Population structure
ibd.R - R script to run the IBD analysis for both males and both sexes combined.
pca-source.R - Code that sets up PCA, DAPC, and AMOVA analyses in R. Called at the top of the pca-dapc-amova.R script.
pca-dapc-amova.R - R script that runs the PCA, DAPC, and AMOVA analyses, both for males-only and both-sexes datasets.
snmf.R - R script that runs the SNMF (i.e., structure analysis).
Gene flow
All python scripts were obtained and modified from https://github.com/dportik/dadi_pipeline as cited in the manuscript.
eu.wu_find.best.projection_example.py - Example python script to be run for each comparison to find the best projection sizes to use.
e.w_no.mig_example.py - Example python code, editable to change the demographic scenario evaluated. We used this script to evaluate demographic scenarios for all east and all west samples before subsetting the dataset (below).
e.w.noupper_initial.param.values_example.py - Results from the above analysis showed that continuous symmetric migration was the best fit scenario. This Python code runs that scenario for the east-excluding-upper vs. west-excluding-upper groups of samples to get initial parameter values used in the next step.
eu.wu_initial.param.values_example.py - Same as the above for east-upper vs. west-upper.
e.w.noupper_final.param.values_example.py - Example Python script (run many times and results combined for larger sample size) that provides a replicates for parameter values. This version excludes up-river populations.
eu.wu_final.param.values_example.py - Same as above for east-upper vs. west-upper.
dadti-bootstrap.R - R script that takes the output from the final.param.values scripts above and creates bootstrap replicates for confidence intervals.
Data
Data processing
pops_full.txt - Used in gstacks and Stacks populations.
Population structure
pca-snmf.vcf, pca-snmf.males.vcf - Output of snp filtering script with and without subsetting to only males
pca-snmf.raw, pca-snmf.males.raw - The above files converted to .raw using PLINK. Used in PCA script.

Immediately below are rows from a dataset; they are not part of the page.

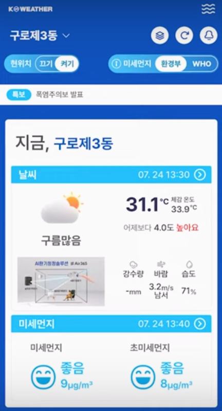 1. 케이웨더 날씨 앱은 전국 3만여 곳에 설치한 기상과 공기질 측정 장비를 활용해요. 전문 예보관이 24시간 날씨를 분석해 신뢰 높은 정보를 빠르게 알려줍니다.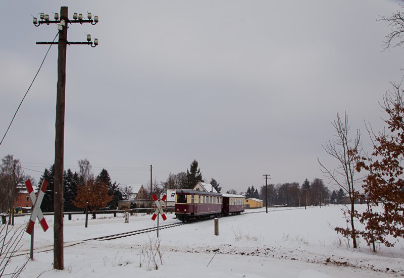 Der Zittauer Schmalspurtriebwagen VT 137 322 am Haltepunkt Olbersdorf-Niederdorf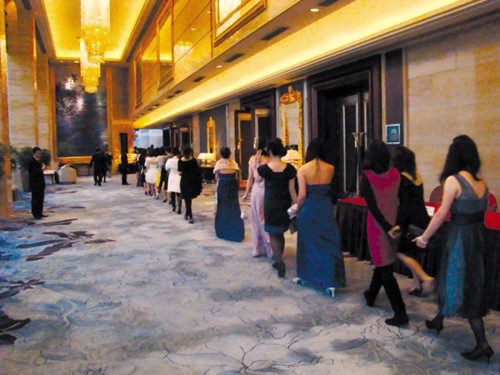 也許佳麗們太緊張了,車到酒店門口時,一大群西裝革履、胸佩飾花的男子迎在門口,嚇得有些人不敢下車。后來才弄清楚,這群人原來是來開婚宴的。隨后,盛裝靚女們被送到一休息室進行最后換裝。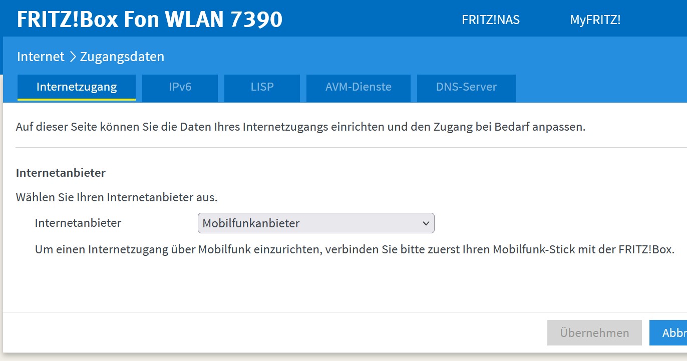 ich würde gerne meine Fritz!Box 7390 als Router einsetzen, den ich mit dem Hotspot meines Mobiles verbinde.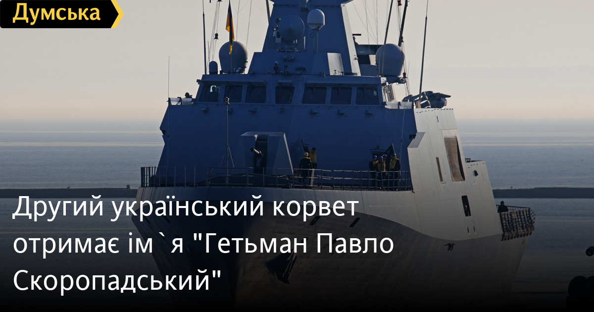 Другий український корвет типу ADA, який почали будувати на турецьких верфях, носитиме ім'я «Гетьман Павло Скоропадський».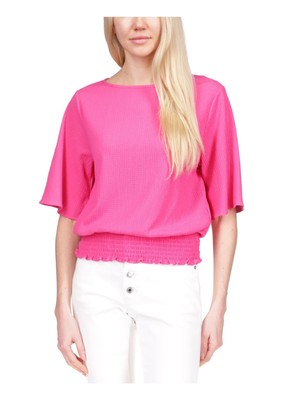 Женский розовый текстурированный топ с круглым вырезом и рукавами до локтя MICHAEL KORS для работы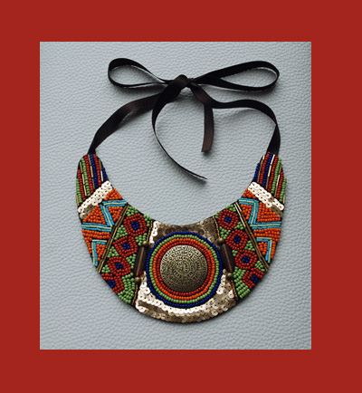 Esta inspirado en el estilo navajo que tanto esta de moda ahora. Estaréis viendo que en todas las tiendas hay artículos con este estampado, bolsos, carteras, camisetas, vestidos….y ahora con Fruto Samore en collares babero!! 😉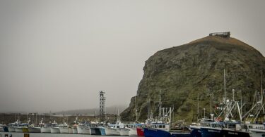 matin de brume sur le port de Cap-aux-Meules… malgré tout, les préparatifs sont conviviaux.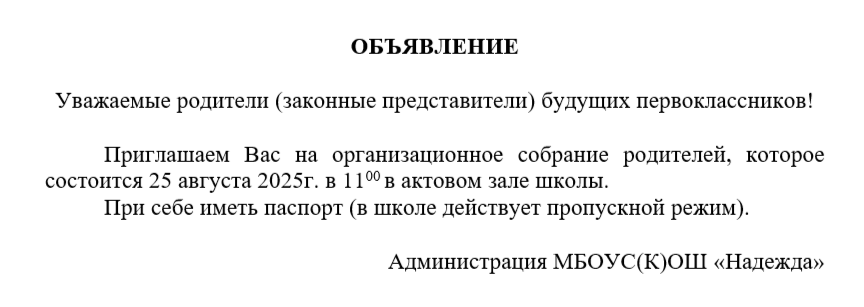 Организационное собрание родителей будущих первоклассников
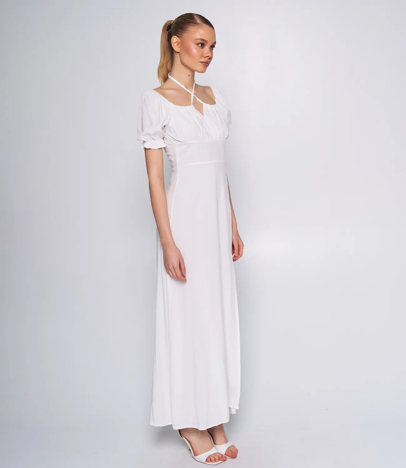 Платье представляет собой изысканную модель в пол с приталенным кроем, выполненным из легкого и дышащего материала, состоящего на 70% из вискозы и 30% из полиэстера. Это идеальное сочетание гарантирует комфортный микроклимат даже в самые жаркие дни. Округлый вырез с затяжкой спереди позволяет регулировать посадку по линии груди, что делает его подходящим для разных типов фигур. Рукава оформлены расклешенными рюшами, что придает образу игривость и легкость. Линия талии подчеркивается, а юбка струится вниз с высоким разрезом спереди, обеспечивая свободу движения и открывая возможность создания стильных образов. Это платье идеально подойдет для летнего гардероба и различных мероприятий, сочетая элегантность и комфорт в одном флаконе. Обратите внимание на насыщенный цвет и фактуру материала, которые полностью соответствуют представленным фотографиям на сайте. Мы понимаем, как важно обеспечить точный выбор размера, поэтому на странице нашего сайта размещена таблица размеров. Воспользовавшись ею, ваши покупательницы смогут без труда обмерить себя и найти идеальный вариант. Предложенная цена на это платье является доступной для оптовых покупателей, что делает его отличным предложением для вашего бизнеса. Подарите своим клиенткам возможность быть стильными и элегантными в этом потрясающем платье, которое прекрасно подчеркнет их индивидуальность и сделает любой образ незабываемым! Рост модели 173, 84-58-89.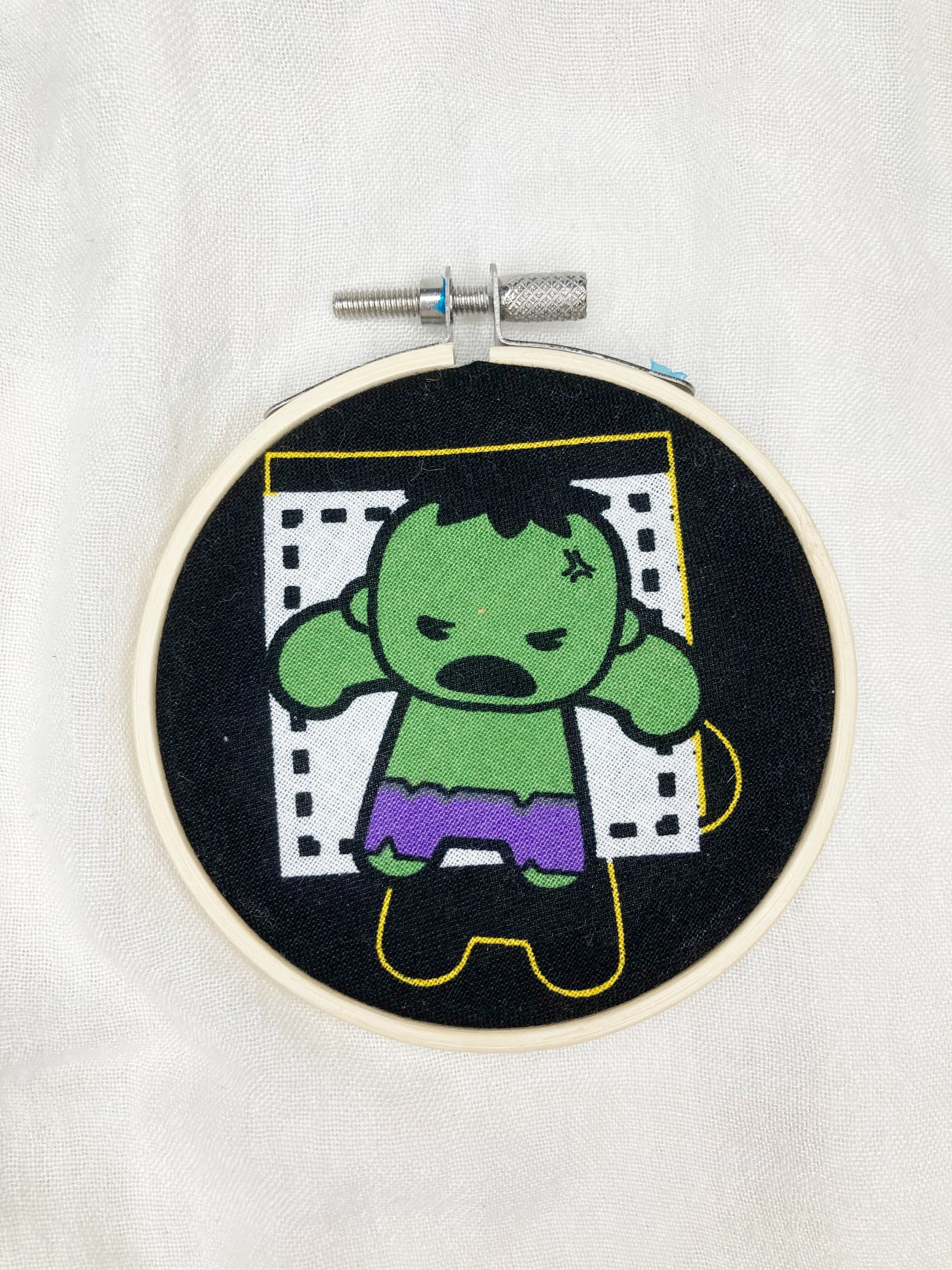 3” hoop with fabric. Image placement varies. Colors may differ in person due to device settings.

pops_gps.txt - Lat/lon of sampling sites. Used in IBD script.
sampleinfo_filtered3.txt - Sex, age, and color info on each sample. M means male, F means female, U means unknown. A means adult, I means immature, U means unknown. Y means yellow, G means green, W means white. Biorepository numbers refer to the accession number of the tissue sample in the Smithsonian's National Museum of Natural History Biorepository.
Gene flow
dad.input.vcf - Ouput from snp filtering script.

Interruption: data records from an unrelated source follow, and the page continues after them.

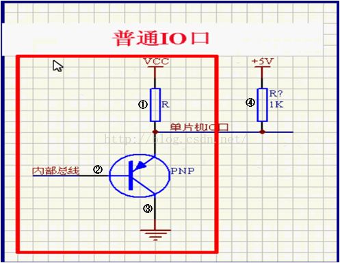 2.这里注意,④位置上是一个上拉电阻,这里设置上拉电阻的考虑因素是这样的,假设我要在这个单片机IO口输出一个电流来驱动小灯发亮,①的位置电阻一般有20k左右,发出的电流250uA,基本上忽略不计,加上一个上拉电阻后, 总电流 = ①位置电流 + ④位置电流(①与④构成并联电路)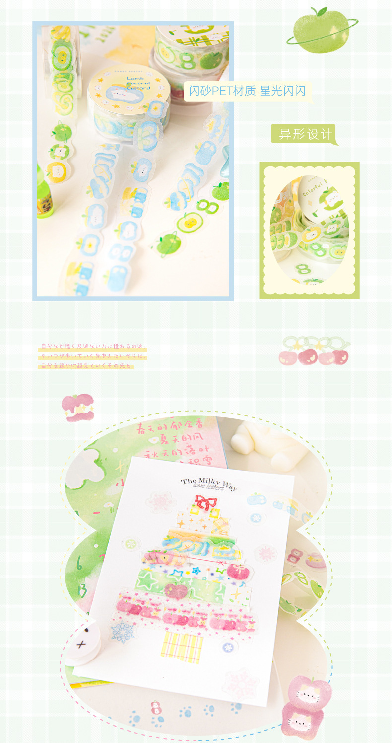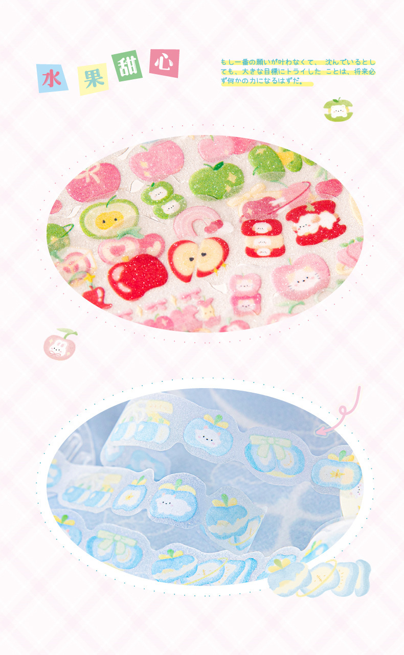 설탕시 플래시 모래 PET 모양의 테이프 과일 연인 시리즈 작은 신선한 귀여운 손 계정 DIY 장식 재료 스티커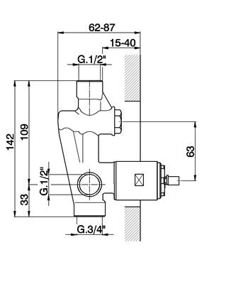 Robinet mitigeur bain/douche mural encastré de style design.

pops3.txt - Used in gene flow scripts for all east vs. all west comparisons.
pops4.txt - Used in gene flow scripts for upriver-excluded comparisons.
pops5.txt - Used in gene flow scripts for upriver-only comparisons.

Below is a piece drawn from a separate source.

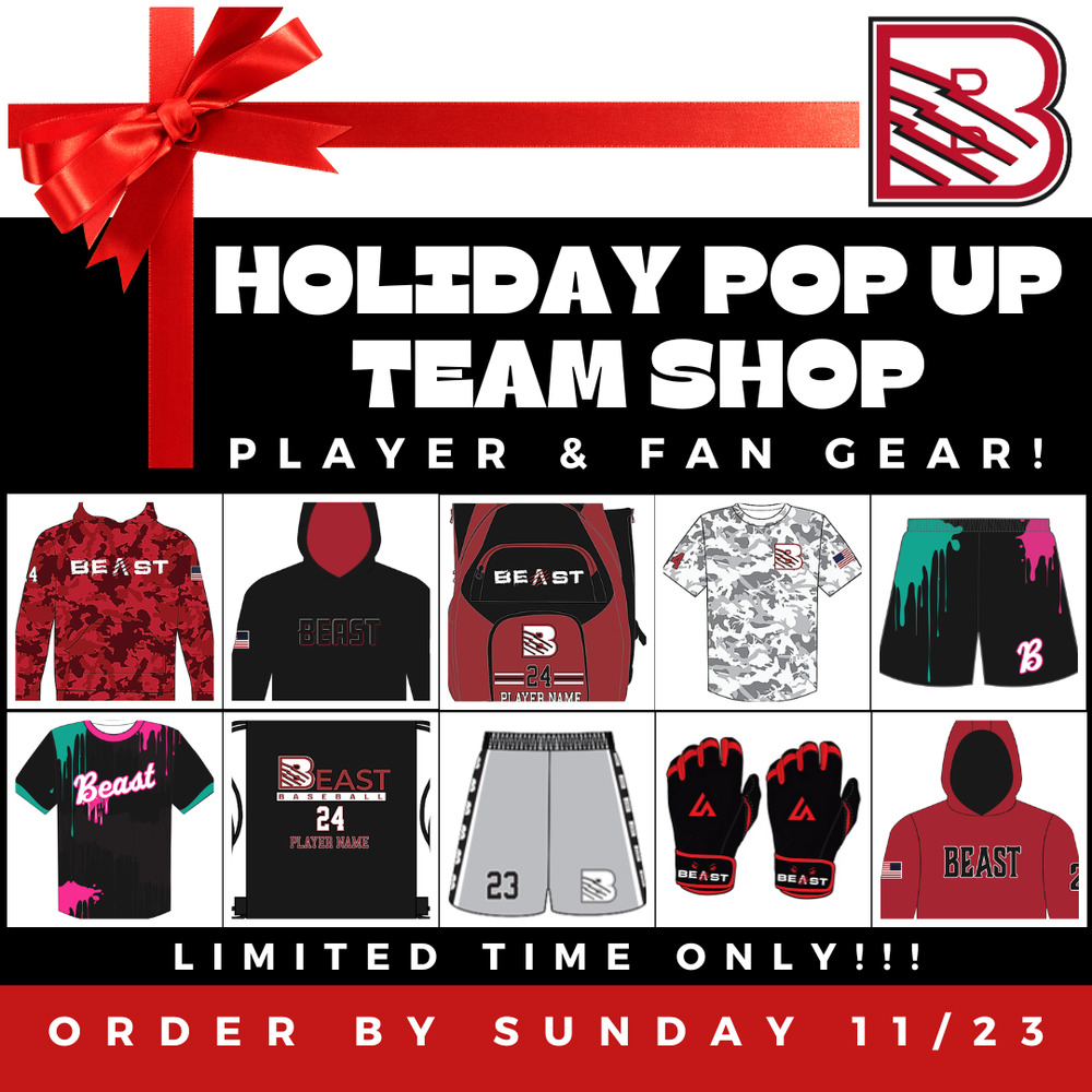 The BEAST Holiday Pop-Up Shop is now open! Customizable items for your favorite players and fans! From shorts to hoodies to bat bags and more - there's something for everyone - new styles and old favorites! Hurry though these items are available online only and will not be available once...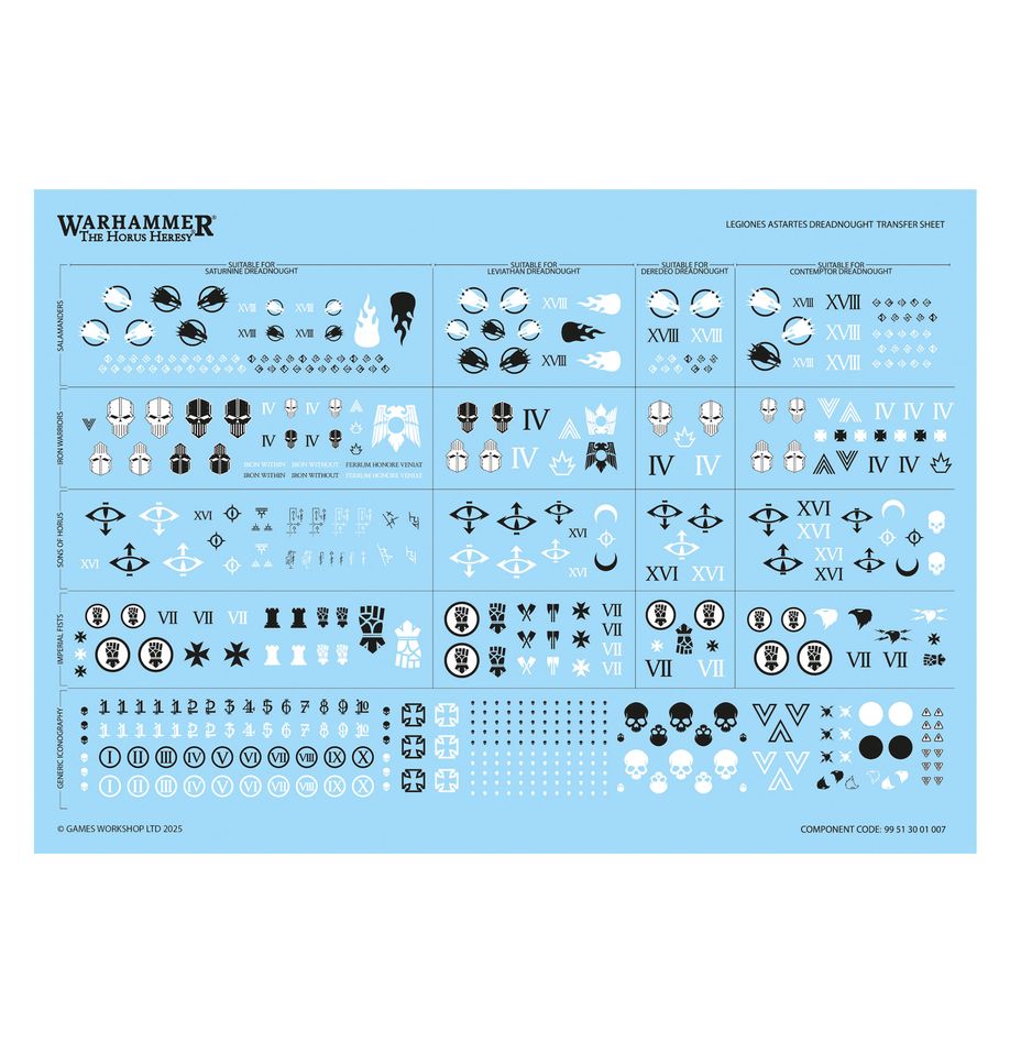 This kit comprises 213 plastic components, 1x Citadel 100mm Round Base, and 1x Horus Heresy Dreadnought Transfer Sheet containing 528 high-quality waterslide transfers – featuring Legion iconography for the Sons of Horus, Imperial Fists, Iron Warriors, and Salamanders – to decorate your miniatures.

dadi_results_tables.xlsx - Summary sheets showing all dadi results, including the initial run comparing demographic scenarios (Sheets 1 and 2, E-W summary AIC table and E-W full results), initial parameter value estimation for upriver-excluded (Sheet 3, exclude_upriver) and upriver-only (Sheet 4, upriver_only) datasets, and final parameter value estimation for each of the above (Sheet 5, parameter_replicates). In Sheets 1-4, the column names are the same as the dadi output. In Sheet 5, the separate runs for each dataset are combined in one table, with the Dataset column indicating dataset, the Set column indicating a separate run, and the Sim column indicating the replicate from each run.